La destruction des sous-marins nécessitait leur découverte, un événement improbable lors de patrouilles agressives, par le seul hasard. Les convois, cependant, présentaient des cibles irrésistibles et ne pouvaient être ignorés. C’est pourquoi les U-boote se présentaient comme des cibles pour les escortes avec une possibilité croissante de destruction.
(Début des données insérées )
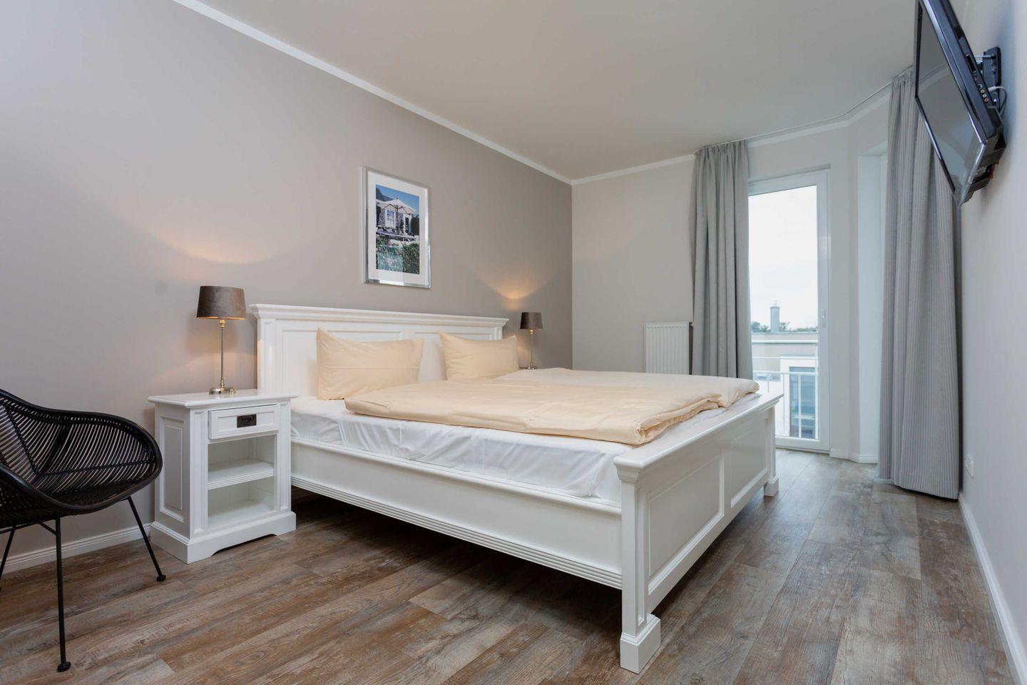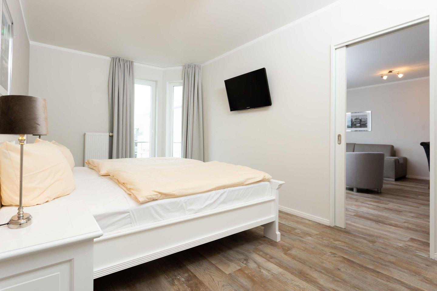 * 1 Schlafzimmer mit einem Doppelbett, Kleiderschrank und TV

De cette façon, la Ubootwaffe a subi des pertes sévères, pour peu de gains, lorsqu’elle a pressé des attaques groupées sur des convois bien défendus.
Après la Seconde Guerre mondialeEdit
La plus grande opération de convoyage depuis la Seconde Guerre mondiale fut l’opération Earnest Will, l’U.Navy des États-Unis en 1987-1988, qui consistait à escorter des pétroliers koweïtiens ayant changé de pavillon dans le golfe Persique pendant la guerre Iran-Irak.
De nos jours, les convois sont utilisés comme tactique par les marines pour dissuader les pirates au large de la Somalie de capturer des cargos civils non armés qui constitueraient des cibles faciles s’ils naviguaient seuls.